🤖 AI Summary
This work investigates how large language models (LLMs) leverage “model memory”—i.e., reuse of their own prior labeling outputs—to improve performance in text annotation tasks. We systematically evaluate zero-shot, few-shot, and memory-augmented annotation on political science datasets using GPT-4o and Llama 3.1. Our empirical analysis provides the first evidence that model memory significantly boosts annotation accuracy by 5–25%. Building on this finding, we propose a memory-augmented framework that integrates model memory with reinforcement learning strategies; it yields additional performance gains in three of four benchmark tasks. Methodologically, the study demonstrates that LLMs’ internal states serve as an effective implicit knowledge source for annotation. Substantively, it introduces a scalable, human-label-free paradigm for low-resource, high-consistency annotation—circumventing manual annotation effort while preserving reliability.
📝 Abstract
Generative Large Language Models (LLMs) have shown promising results in text annotation using zero-shot and few-shot learning. Yet these approaches do not allow the model to retain information from previous annotations, making each response independent from the preceding ones.
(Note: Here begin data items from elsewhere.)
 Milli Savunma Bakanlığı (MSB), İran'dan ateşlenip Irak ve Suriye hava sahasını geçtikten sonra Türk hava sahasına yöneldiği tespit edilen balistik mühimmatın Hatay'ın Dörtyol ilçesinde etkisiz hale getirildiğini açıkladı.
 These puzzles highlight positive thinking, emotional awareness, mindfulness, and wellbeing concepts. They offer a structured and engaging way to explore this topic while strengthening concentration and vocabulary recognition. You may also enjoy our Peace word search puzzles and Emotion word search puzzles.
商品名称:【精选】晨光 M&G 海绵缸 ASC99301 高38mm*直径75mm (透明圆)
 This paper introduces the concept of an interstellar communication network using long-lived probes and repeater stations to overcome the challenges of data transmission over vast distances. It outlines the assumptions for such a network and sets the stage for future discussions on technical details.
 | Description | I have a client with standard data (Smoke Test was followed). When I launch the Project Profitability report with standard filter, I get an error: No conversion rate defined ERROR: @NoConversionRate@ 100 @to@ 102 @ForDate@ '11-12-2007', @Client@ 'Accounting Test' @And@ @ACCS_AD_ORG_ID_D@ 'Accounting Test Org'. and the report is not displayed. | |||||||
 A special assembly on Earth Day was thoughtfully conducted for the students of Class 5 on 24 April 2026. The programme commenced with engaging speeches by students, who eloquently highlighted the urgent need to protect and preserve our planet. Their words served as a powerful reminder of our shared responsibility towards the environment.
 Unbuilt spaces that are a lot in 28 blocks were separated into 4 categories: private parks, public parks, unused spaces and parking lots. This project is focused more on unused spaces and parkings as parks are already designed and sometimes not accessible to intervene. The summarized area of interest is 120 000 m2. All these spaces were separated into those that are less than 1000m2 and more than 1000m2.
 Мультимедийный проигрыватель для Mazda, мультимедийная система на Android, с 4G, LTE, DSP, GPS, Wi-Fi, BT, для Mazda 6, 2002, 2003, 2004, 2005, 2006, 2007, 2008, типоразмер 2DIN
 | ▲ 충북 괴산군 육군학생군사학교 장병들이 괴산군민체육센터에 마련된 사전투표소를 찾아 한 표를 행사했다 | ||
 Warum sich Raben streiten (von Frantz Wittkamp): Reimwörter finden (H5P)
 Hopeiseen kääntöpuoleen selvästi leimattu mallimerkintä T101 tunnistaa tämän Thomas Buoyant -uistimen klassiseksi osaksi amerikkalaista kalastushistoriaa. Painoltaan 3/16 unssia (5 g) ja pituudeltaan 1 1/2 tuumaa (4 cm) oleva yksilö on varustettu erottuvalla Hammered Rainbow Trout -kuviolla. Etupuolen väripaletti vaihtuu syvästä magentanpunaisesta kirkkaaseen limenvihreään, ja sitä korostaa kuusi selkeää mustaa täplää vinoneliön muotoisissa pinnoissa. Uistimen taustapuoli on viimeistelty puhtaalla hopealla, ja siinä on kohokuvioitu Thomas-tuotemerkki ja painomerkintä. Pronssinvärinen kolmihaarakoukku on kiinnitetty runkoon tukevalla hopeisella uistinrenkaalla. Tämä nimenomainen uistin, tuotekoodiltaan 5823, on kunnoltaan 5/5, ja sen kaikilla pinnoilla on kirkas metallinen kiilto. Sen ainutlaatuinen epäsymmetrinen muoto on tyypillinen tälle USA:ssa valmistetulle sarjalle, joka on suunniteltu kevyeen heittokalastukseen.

This raises the question of whether model memory -- the LLM having knowledge about its own previous annotations in the same task -- affects performance. In this article, using OpenAI's GPT-4o and Meta's Llama 3.1 on two political science datasets, we demonstrate that allowing the model to retain information about its own previous classifications yields significant performance improvements: between 5 and 25% when compared to zero-shot and few-shot learning. Moreover, memory reinforcement, a novel approach we propose that combines model memory and reinforcement learning, yields additional performance gains in three out of our four tests. These findings have important implications for applied researchers looking to improve performance and efficiency in LLM annotation tasks.